Extracted records:
_ _ _

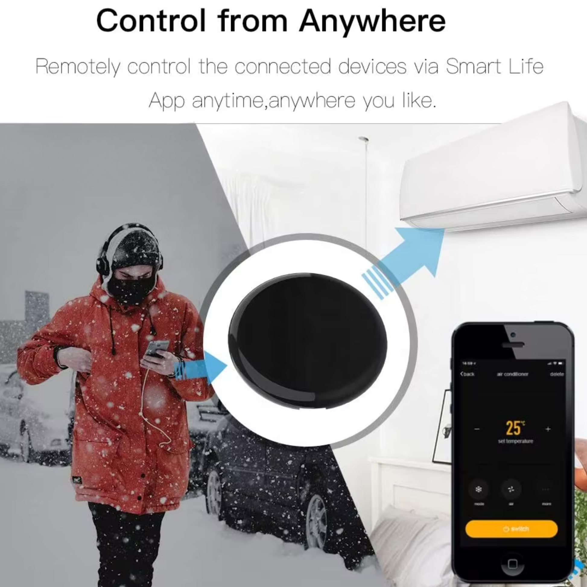 - تحكم شامل عبر التطبيق: استخدم تطبيق (Smart Life) أو (Tuya Smart) للتحكم في مكيف الهواء وتشغيل التلفزيون وتغيير القنوات حتى وأنت خارج المنزل.
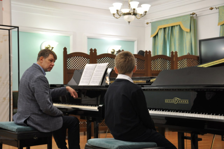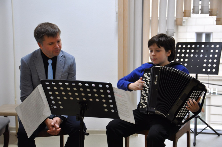 Гнесинку представили доцент кафедры специального фортепиано Святослав Хитев, доцент кафедры баяна и аккордеона Михаил Бурлаков и преподаватель кафедры струнных народных инструментов Никита Говоров.
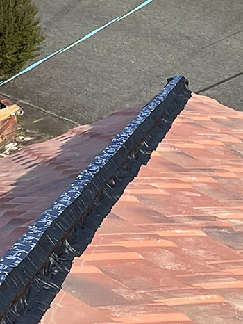 10棟瓦を取り付ける前に乾式棟面戸でおおいます。アルミとブチルゴムでできた素材で軽くて強いものです
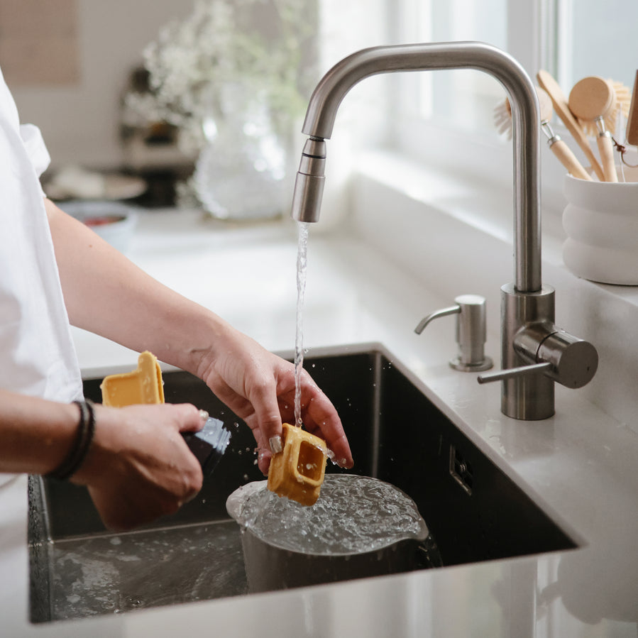 Dishwasher safe. After each use, we recommend opening the pieces to rinse out and air dry before storing.
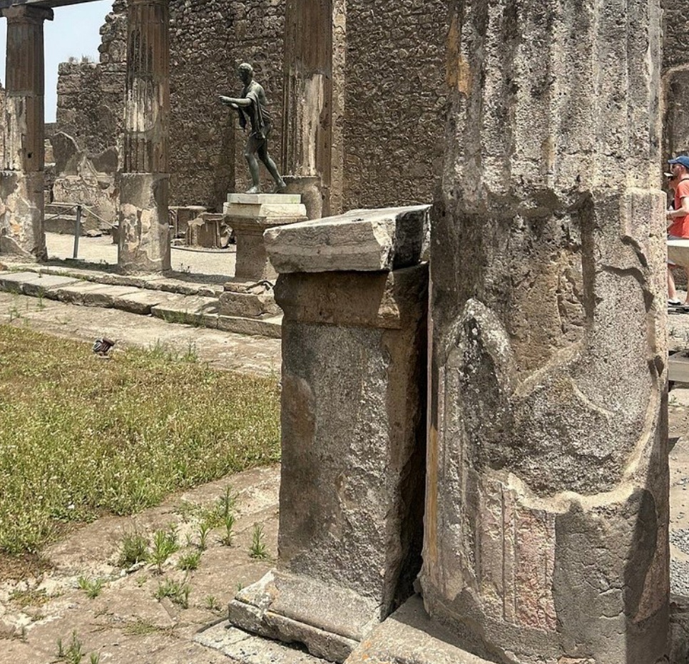 Our first stop was the Temple of Venus. It’s surrounded by tall columns. Her Temple was the city’s largest site of worship. There are small buildings on one side that are believed to have been workshops. Some buildings that were present before the Temple was built were kept as homes for Temple priests. Venus was the goddess of love and beauty. She was the city’s official guardian.
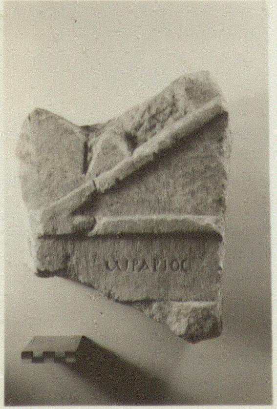 | Description: | Inscribed fragment of grave stele. From a pedimental stele; preserved close to the upper left corner. Back rough picked. Antefixial ornaments along the roughly finished top. Below the inscription a projecting moulding, broken away. Seven letters remain. Pentelic marble. | |

_ _ _

## TASK REQUIREMENTS:
Copy all entries exactly; skip pictures.

## ANSWER TO THE EXERCISE:
 - تحكم شامل عبر التطبيق: استخدم تطبيق (Smart Life) أو (Tuya Smart) للتحكم في مكيف الهواء وتشغيل التلفزيون وتغيير القنوات حتى وأنت خارج المنزل.
 Гнесинку представили доцент кафедры специального фортепиано Святослав Хитев, доцент кафедры баяна и аккордеона Михаил Бурлаков и преподаватель кафедры струнных народных инструментов Никита Говоров.
 10棟瓦を取り付ける前に乾式棟面戸でおおいます。アルミとブチルゴムでできた素材で軽くて強いものです
 Dishwasher safe. After each use, we recommend opening the pieces to rinse out and air dry before storing.
 Our first stop was the Temple of Venus. It’s surrounded by tall columns. Her Temple was the city’s largest site of worship. There are small buildings on one side that are believed to have been workshops. Some buildings that were present before the Temple was built were kept as homes for Temple priests. Venus was the goddess of love and beauty. She was the city’s official guardian.
 | Description: | Inscribed fragment of grave stele. From a pedimental stele; preserved close to the upper left corner. Back rough picked. Antefixial ornaments along the roughly finished top. Below the inscription a projecting moulding, broken away. Seven letters remain. Pentelic marble. | |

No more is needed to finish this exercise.